Fin de campagne brutale, ensanglantée

Mais hélas ! Le peuple congolais a continué à subir la pression tout au long de cette campagne électorale. Du début jusqu' à la fin, face à la boulimie du pouvoir, à l'intolérance politique, mais aussi à l'analphabétisme politique, manifestations incontestables de l'opportunisme et du clientélisme politiques pour les privilèges du pouvoir.

Le jeu a été en quelque sorte dénaturé par ces accrochages, cette escalade verbale ponctuée d'invectives et de violence qui s'est soldée par mort d'hommes. Du début jusqu'à la fin. Preuve que la campagne électorale n'a pas été honorable. Au contraire, elle s'est révélée brutale et ensanglantée.

Kinshasa, qui devrait servir de point de chute, a été privé de dernières heures de cette campagne tant la tension était à son comble. Il y a eu des accrochages, des tirs en l'air et à balles réelles. Conséquence : mort d'hommes et le bilan exact ne sera jamais connu. Cependant que l'autorité urbaine, à tort ou à raison, a décidé, sur le tard, l'interdiction de l'organisation des meetings et autres manifestations publiques sur toute l'étendue de la ville de Kinshasa. Une note négative et triste sur fond de laquelle les Kinois sont allés voter.

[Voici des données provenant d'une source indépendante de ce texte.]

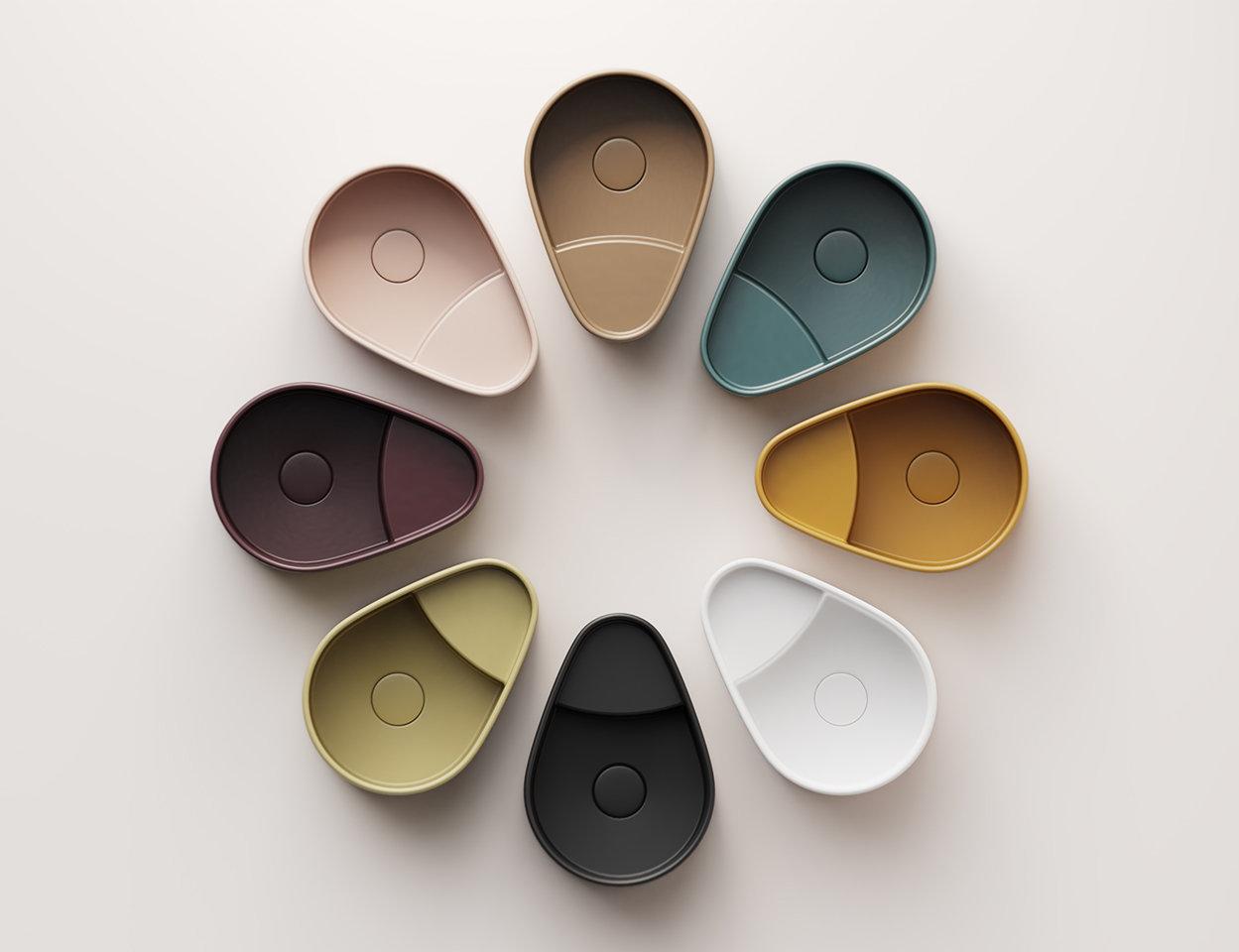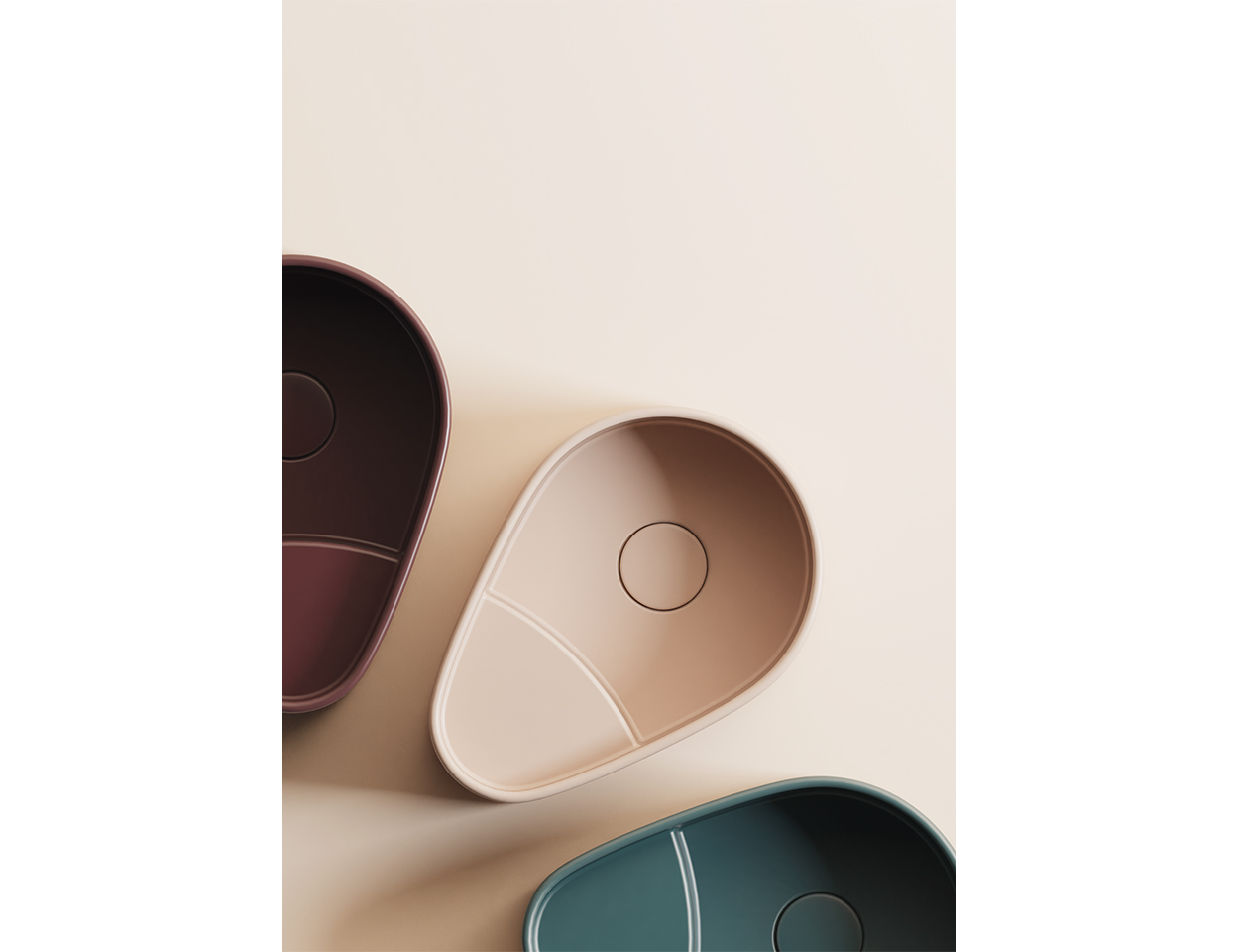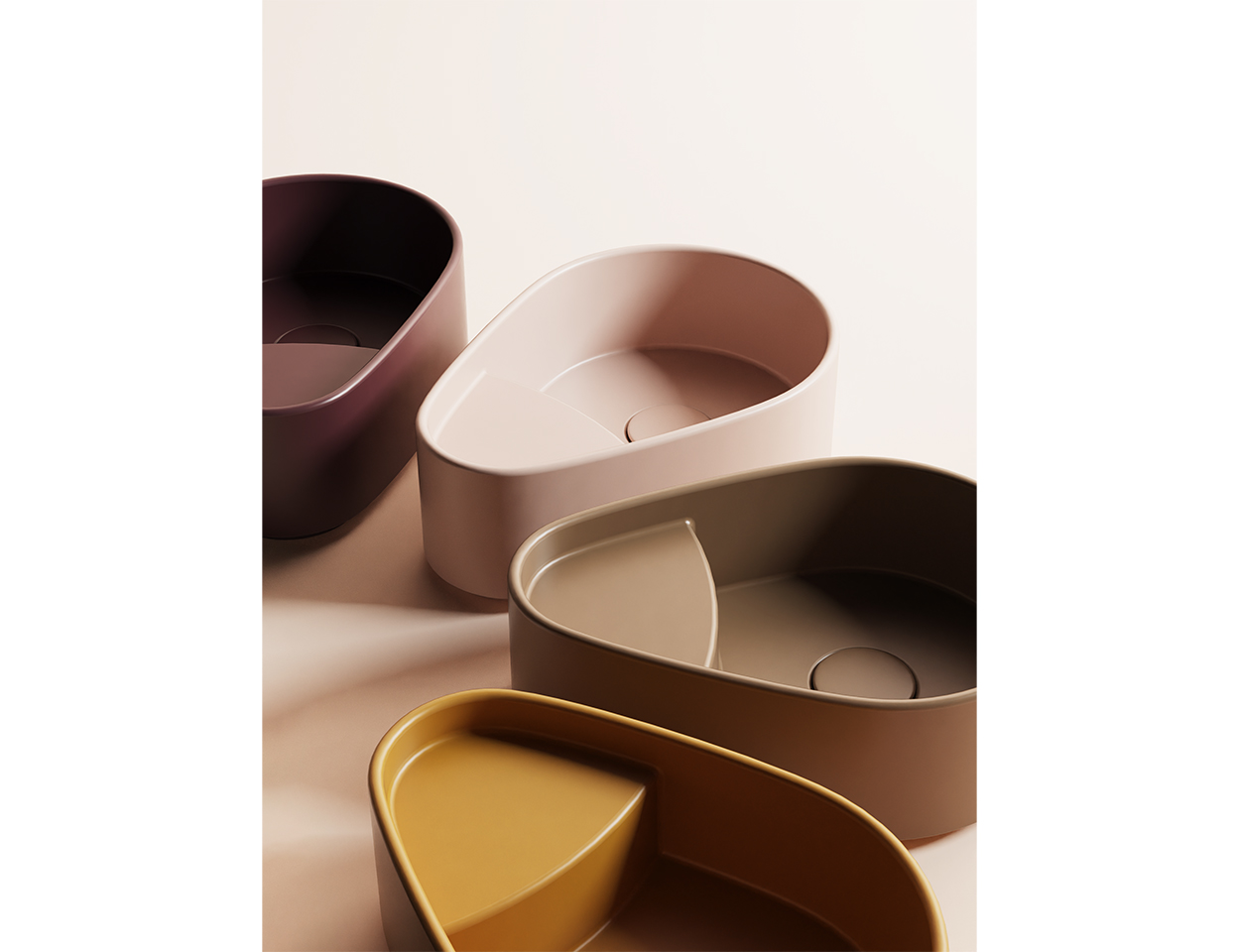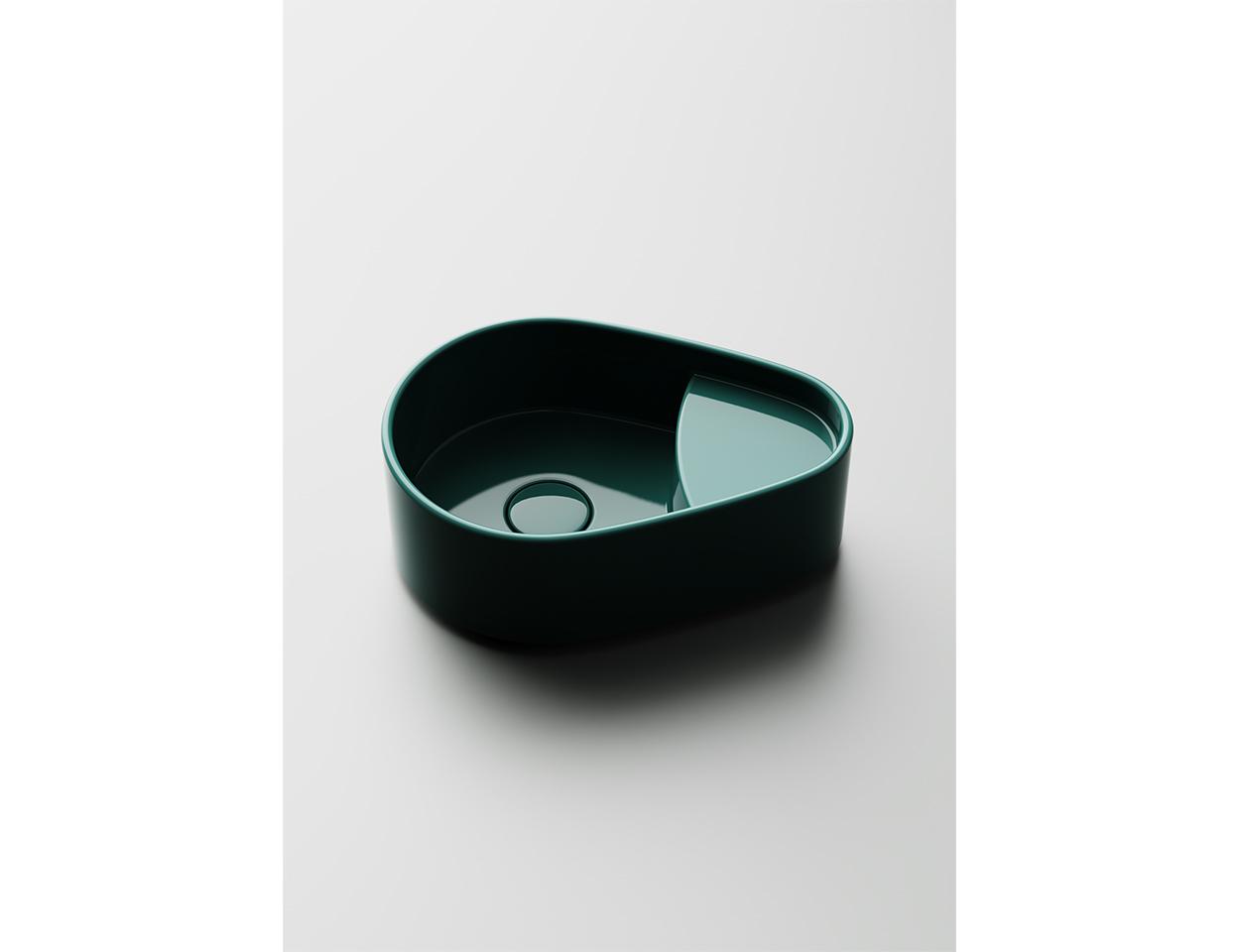 “There have always been British motorcycle fuel tanks in the studio. Solitary objects, scattered throughout the space like metal sculptures, capable of conveying their form even before their function, discernible only to the passionate eye. Compact volumes, shaped by the flow, in which containment and aerodynamics coincide. Tank stems from this observation. A compact washbasin, with a soft, continuous form, conceived as a single, controlled volume.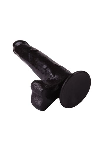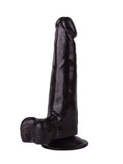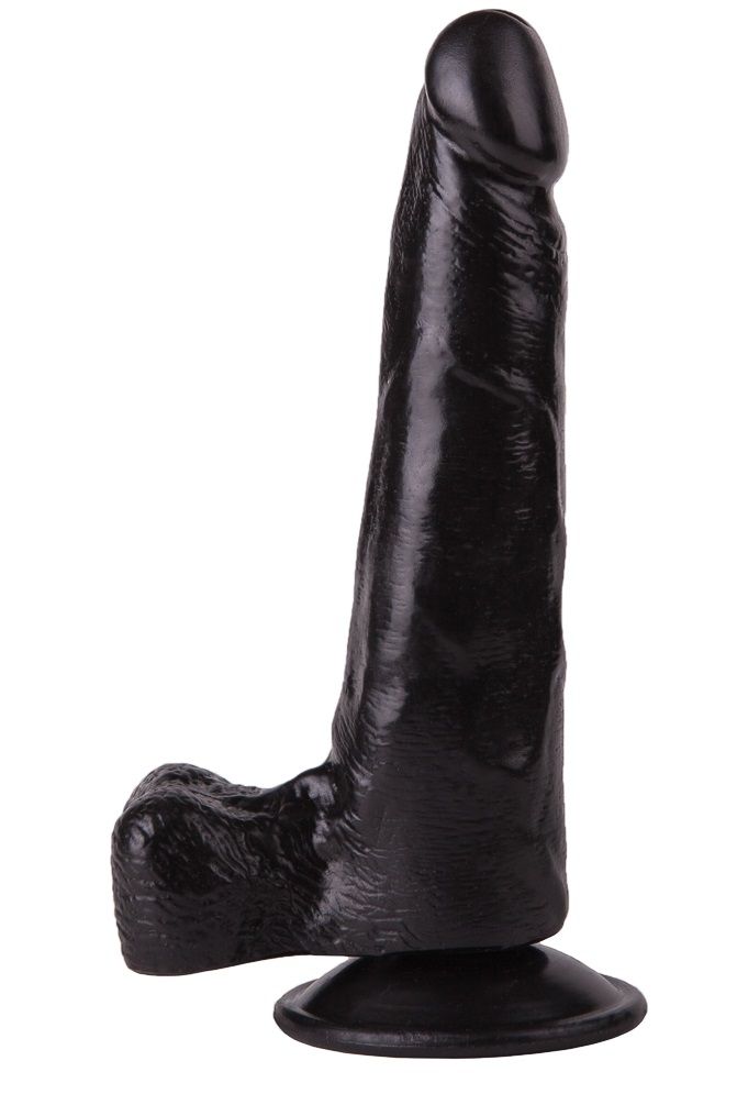 Фаллоимитатор с мошонкой на присоске чёрного цвета - 16,5 см.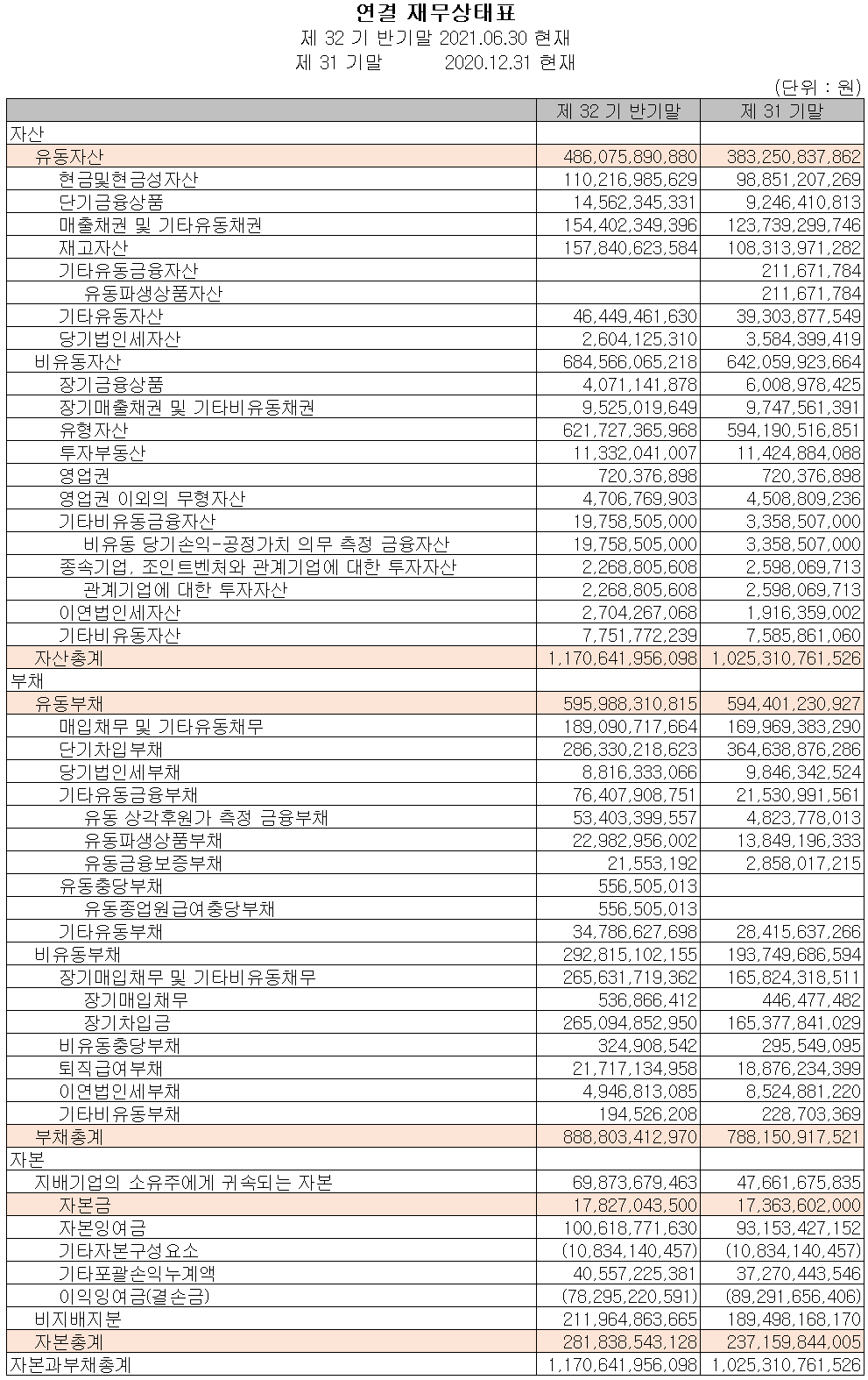 지난 상반기 말 기준 영업활동 현금흐름에서는 113억 원이 현금이 유입되면서 꾸준히 현금창출을 기록하고 있습니다. 투자활동 현금흐름에서는 유형자산 및 금융자산과 단기대여금의 취득 등으로 882억 원의 현금이 유출되었습니다. 재무활동에서는 차입금의 차입과 사채 및 전환사채를 통해 자금을 조달하여 당기 부채를 상환하고 배당금 및 이자를 지급하였습니다. 2021년 상반기 말 기준 현금 및 현금성 자산은 전년 동기 말보다 227억 원이 늘어난 1,102억 원을 기록했습니다.

Inquiétante aussi d'autant que jusqu'au bout, les Congolais n'auront pas été rassurés de la crédibilité de l'organisation des élections. De l'audit du serveur central aux bureaux fictifs, vrais ou faux, le bras de fer a continué à exister, faisant ainsi le lit des contestations imminentes. L'on n'est pas encore sorti de l'auberge.

Le plus dur devant nous

C'est à partir de maintenant que l'on est en train de vivre les minutes cruciales, voire difficiles de ce processus électoral. Des minutes déterminantes visant à certifier la crédibilité et la transparence de ces élections. Mieux, de tout ce processus électoral. C'est la crédibilité de la CENI qui se joue en ces instants précis.

C'est même le sort de la République démocratique du Congo. Car, il suffit d'une déclaration inopportune autour de ces élections pour servir de déclic à des imprévisibles avec tous ces nerfs tendus. Surtout qu'aucun des candidats à la présidentielle n'a affiché une image rassurante de tolérance politique. Qu'aucune déclaration de tolérance politique, pourtant très attendue, les engageant et qui aurait joué à la décrispation n'a été faite. On ne sait deviner leurs vraies intentions. On ignore de quoi sera fait demain.

Demain, c'est la constitution de la majorité parlementaire, l'élection du futur bureau de l'Assemblée nationale, la mise en place du futur gouvernement. Encore des « joutes politiques » à même de porter un coup dur au « vote » du peuple congolais. Car, plus que jamais, l'avenir de ce pays réside dans l'existence des « institutions nationales dépersonnalisées ». Force est donc de tirer les leçons utiles de précédentes élections et du fonctionnement des institutions issues du scrutin de 2006.

Il ne reste plus qu'à demander aux acteurs politiques de respecter la « volonté réelle et naturelle » du peuple congolais. Dans la paix, le respect des résultats des urnes non falsifiés et la tolérance politique. Car demain, c'est déjà 2012, l'amorce d'une nouvelle aventure politique face aux grands défis, notamment l'émergence d'un Etat moderne, d'une Nation prospère et d'un peuple responsable.